Background technology
At present, in the space remote sensing field of detecting, there is detection blind area in solar direction, most of remote sesing detectors can't effectively be surveyed the target of arriving in by plane from solar direction.And the sun brightness that enters detector field of view might cause permanent infringement to the detector focal plane.To day the backlight camera by observation wave band, Design for optical system, prevent the infringement of sun brightness to the detector focal plane, make system can be when the sun enters the visual field operate as normal, as uniform bright background, utilize the sun target that detection to target is finished in the imaging of blocking of the sun.High-contrast between the target and the sun can make system detect the little bright target that conventional remote sensing camera is difficult to detect, and is not subjected to the target emanation properties influence.In order to improve resolution, the visual field of camera is got about 1 degree and is slightly larger than solar angle.

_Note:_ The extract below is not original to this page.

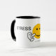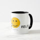 Le doigt moyen avec des mots indiquant la détente fait une tasse de café intéressante.

Because high resolving power is very little to the visual field of day backlight camera, be difficult to the initial acquisition of realization to the sun.In order to allow the sun enter in the viewing field of camera, adopt the sun sensor of big visual field to finish to the code acquisition of the sun and slightly tracking, the guiding sun enters the backlight viewing field of camera.Utilize magazine sun information to finish then the essence of the sun is followed the tracks of, the assurance system can monitor the backlight target of finding and following the tracks of solar direction in real time, and early warning is provided.
Summary of the invention
The purpose of this invention is to provide a kind of to day backlight target detection tracing system and the method for catching and accurately following the tracks of the solar direction target fast.

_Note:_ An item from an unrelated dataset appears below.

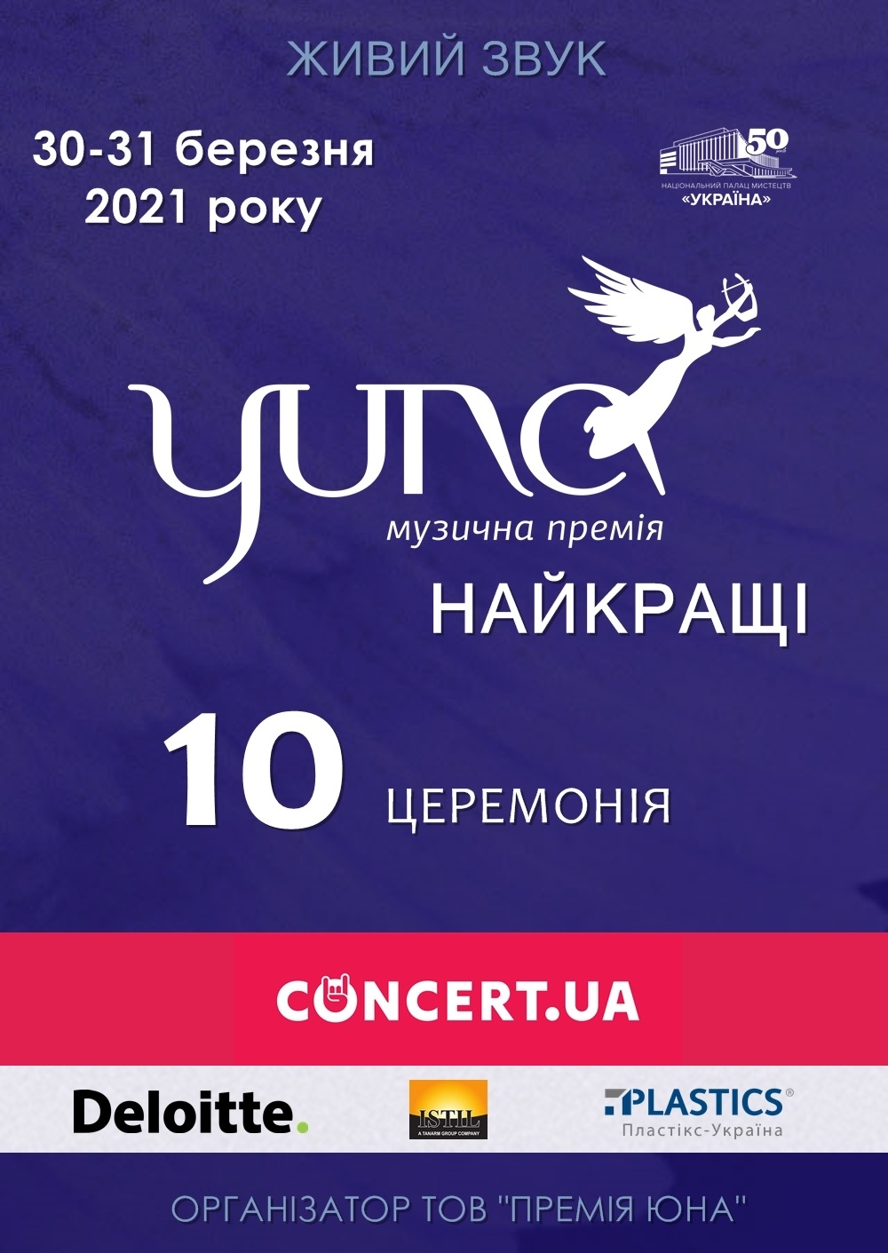Нагадаємо, десята, ювілейна церемонія нагородження Національною музичною премією YUNA 2021 відбудеться 30-31 березня 2021 року у київському Палаці "Україна". Захід відбудеться з дотриманням всіх норм безпеки, які будуть обов’язковими на час проведення церемонії.

The present invention said to day backlight target detection tracing system as shown in Figure 1, system by big visual field sun sensor module, to day backlight survey camera model, two-dimensional tracking turntable, data acquisition module and form.Utilize big visual field sun sensor that the sun is carried out code acquisition and thick the tracking; And the employing patent No. is 200710170725.5 designs day backlight tracking camera model is carried out the essence tracking and to day backlight target monitoring, tests definite to the mapping area of day backlight viewing field of camera in the sun sensor visual field by experiment; The two-dimensional tracking turntable is finished position angle and the motion of angle of pitch two-dimensional tracking; Data acquisition module is finished several data collection and transmission.
The concrete steps of method of the present invention are:
1) when the sun not in the sun sensor visual field, control two-dimensional tracking turntable is searched in 180 ° * 360 ° scope, enters in the visual field of sun sensor until the sun, finishes the code acquisition to the sun.

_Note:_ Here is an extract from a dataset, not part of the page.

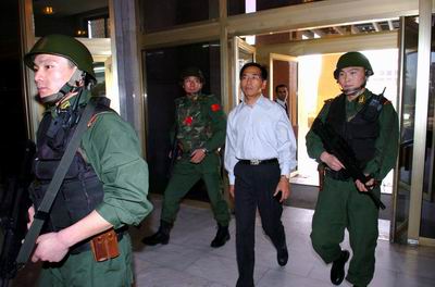 中國新任駐伊拉克大使楊洪林(右二)在武警戰士的護衛下步入使館駐地--巴格達曼蘇爾飯店。楊洪林是伊戰后中國首任駐伊拉克大使。 新華社記者 申宏 攝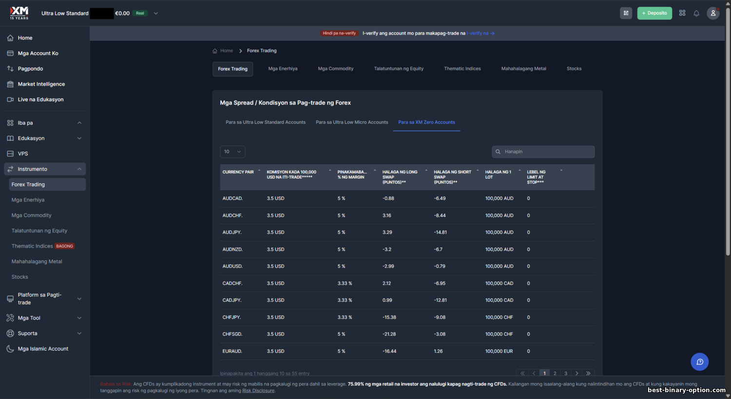 - XM Zero Account: minimal na spreads mula 0.0 na may nakapirming komisyon. Historikal na naniningil ang XM ng $3.5 per 100k per side (i.e., $7 per full‑lot round turn). Spreads sa majors: ~0.0–0.3 pips (malapit sa interbank). Hindi available ang XM Zero sa lahat ng hurisdiksiyon; sa ilang rehiyon, Ultra Low ang pumapalit. Kung inaalok ang Zero sa iyong rehiyon, ito’y para sa mga may karanasang trader na nais ang pinakamakipot na spread. Minimum na deposito ay $5 din; leverage hanggang 1:500 (dating limitado). Para sa precious metals, walang komisyon ang XM kahit sa Zero — hal., maaaring ikalakal ang ginto na may ~$0.2 spread at walang dagdag na bayad. Tandaan: hindi laging inilalathala ng XM ang average Zero spreads (isang puwang sa transparency na binanggit ng ilang reviewer), kaya marami ang pumipili ng Ultra Low bilang simpleng alternatibong walang komisyon.

2) as shown in Figure 2, the sun enters the visual field of sun sensor after successfully catching the sun, the sun center that provides according to sun sensor and to day backlight viewing field of camera and the corresponding relation of sun sensor visual field, control two-dimensional tracking turntable points to, the sun is entered into day backlight viewing field of camera, finish thick tracking.
3) as shown in Figure 3 after the sun enters into visual field to day backlight camera, utilize the image-forming information of the sun on the camera test surface, calculate the position of sun center in viewing field of camera, utilize this positional information to control the two-dimensional tracking turntable and make sun center move to the viewing field of camera center, realize the essence of the sun is followed the tracks of.
4) in essence is followed the tracks of the course of work, system regulates time shutter to day backlight camera as required automatically, gain, biasing to be to reach the optimum tracking sun and monitoring to day backlight target effect.Wherein, the concrete grammar of backlight target monitoring is to day: as shown in Figure 3, the image in the sun in-scope is done further processing add up wherein dim spot quantity, judge when the dim spot number reaches some and detect day backlight target.Then the solar interior dim spot is calculated wherein heart position, and the type of preliminary recognition objective, early warning signal sent.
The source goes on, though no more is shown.